* [EXERCISE REQUIREMENTS]
For the entries below, return the line holding "TOYOTA COROLLA FIELDER - лот 98" together with all lines after it, unchanged, and leave every picture out.

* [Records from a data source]
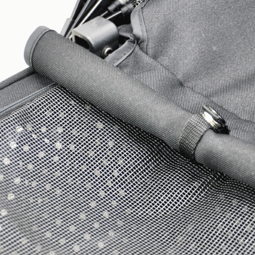 『ドームを全開にした際にも、顔が出ない様にしたい。』『ドームを開けて、バッグ自体の高さを低くして使いたい。』『公共機関での移動時、ドームタイプのカートはどうしても大きさ(バッグの高さ)が気になる。でも、ドームを開けるとカバーができない。』そんなお悩みを解決!カート用/フラットカバー。メッシュ部分は強化ラバーを採用。勿論、メッシュ部分を隠す事も可能。また、ショルダーベルトの使用も可能で、持ち運びに時にも便利。 メッシュカバー、目隠しカバーの2重構造で使い勝手抜群!!
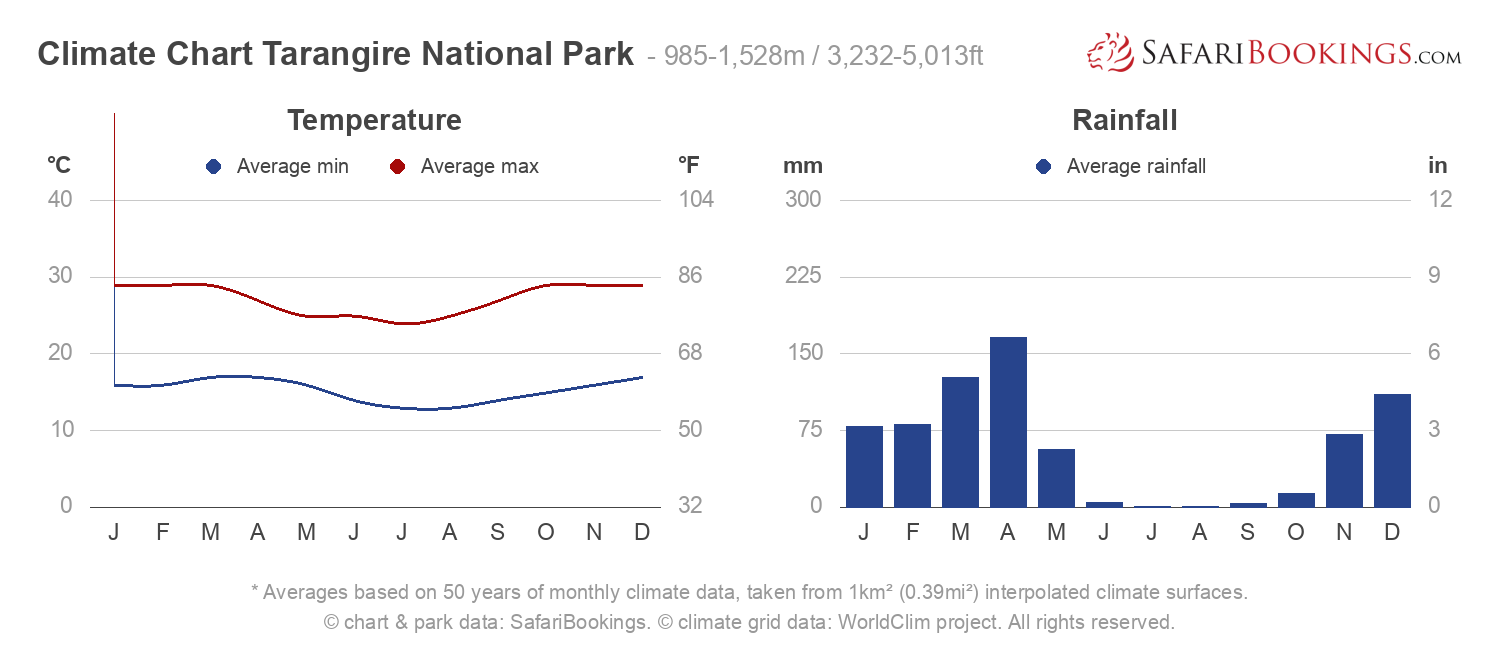 The climate in Tarangire National Park is hot and dry, with temperatures ranging from 20 to 30 degrees Celsius during the day and cooler at night.
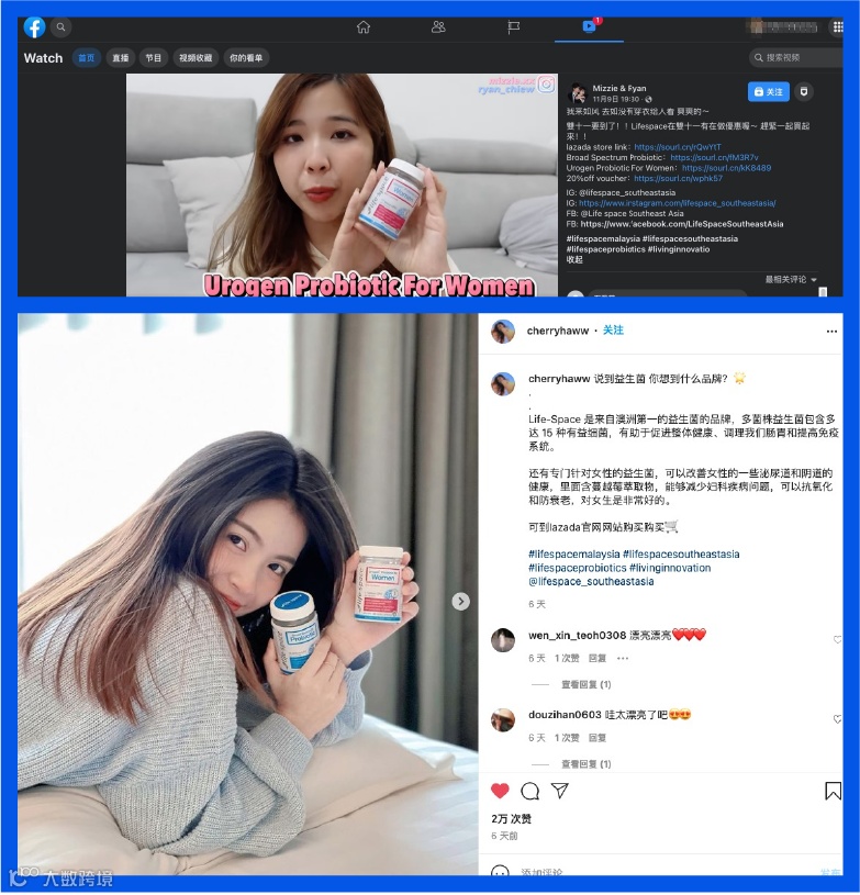 在站外媒体平台传播上,Life-Space更是选择贴合年轻大众喜欢的方式,在大促前Life-Space主要通过口碑传播、平台KOL进行品类教育及推广,在主流社媒平台联合年轻KOL、KOC通过多种形式透出品牌和产品内容,配合更加有趣的益生菌知识传播,输出更多益生菌鲜为人知的功能,以及分享如何甄别益生菌,不断打破东南亚消费者对益生菌的传统观念,围绕“为什么吃”“如何挑选”“什么时候吃”等内容科普并吸引下单,为Lazada店铺带来了可观且优质的流量。
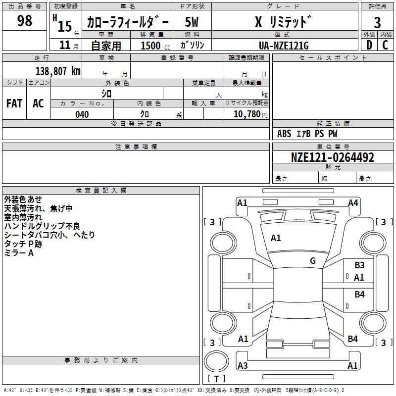 TOYOTA COROLLA FIELDER - лот 98
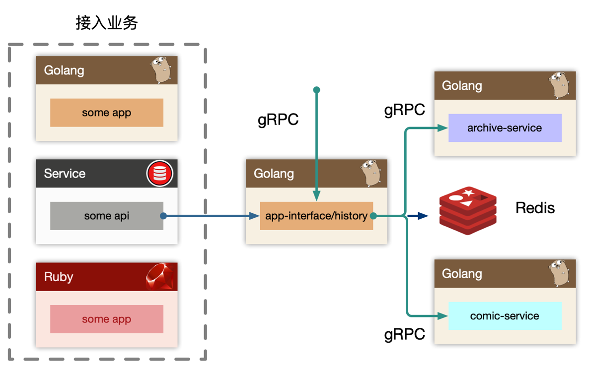 history 作为 BFF,对用户端提供统一的用户记录记录入口接口,同时也对内提供 gRPC 写入历史接口。如果业务场景中不存在统一的用户入口访问历史记录,可以去掉 BFF 层,直接使用 history-service 提供读接口,这样需要每个业务方自己实现自己的数据组装。
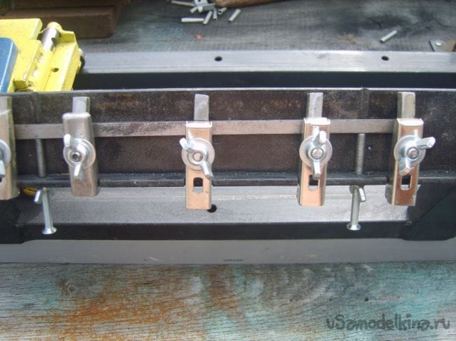 Нож закрепляется в специальном устройстве, которое может менять угол заточки. Для строгальный ножен он должен быть 45-60 градусов. Для крепления ножа к устройству, применил от мебельной гарнитуры навесы.
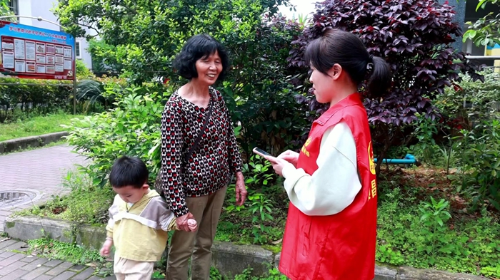 社区网格员正通过手机登录南平市城市体检信息采集平台收集居民关于社区改造后的意见和建议(林伯烟供图)
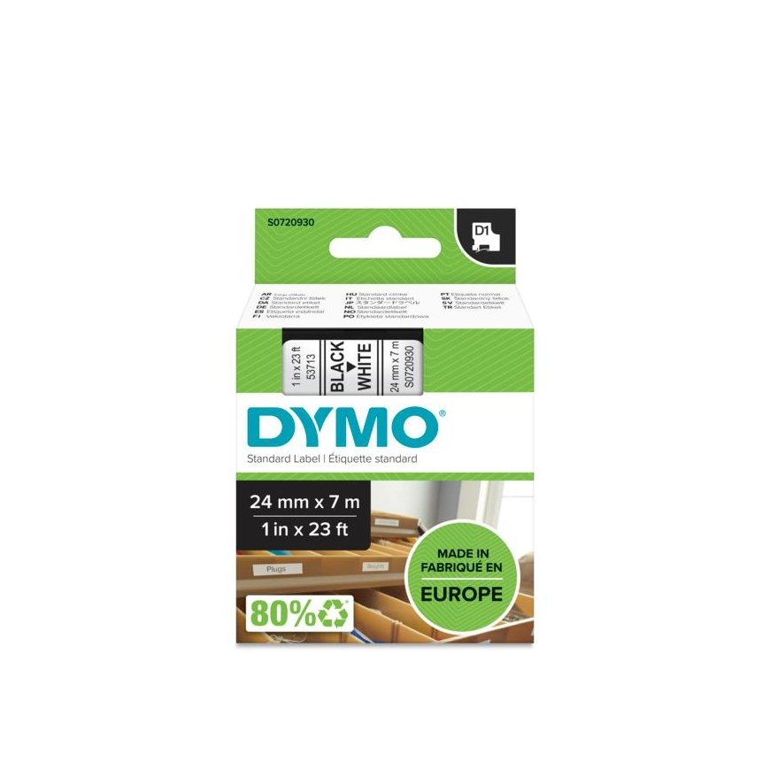 DYMO D1 -Standard Labels - Black on White - 24mm x 7m

* [ANSWER TO THE EXERCISE]
 TOYOTA COROLLA FIELDER - лот 98
 history 作为 BFF,对用户端提供统一的用户记录记录入口接口,同时也对内提供 gRPC 写入历史接口。如果业务场景中不存在统一的用户入口访问历史记录,可以去掉 BFF 层,直接使用 history-service 提供读接口,这样需要每个业务方自己实现自己的数据组装。
 Нож закрепляется в специальном устройстве, которое может менять угол заточки. Для строгальный ножен он должен быть 45-60 градусов. Для крепления ножа к устройству, применил от мебельной гарнитуры навесы.
 社区网格员正通过手机登录南平市城市体检信息采集平台收集居民关于社区改造后的意见和建议(林伯烟供图)
 DYMO D1 -Standard Labels - Black on White - 24mm x 7m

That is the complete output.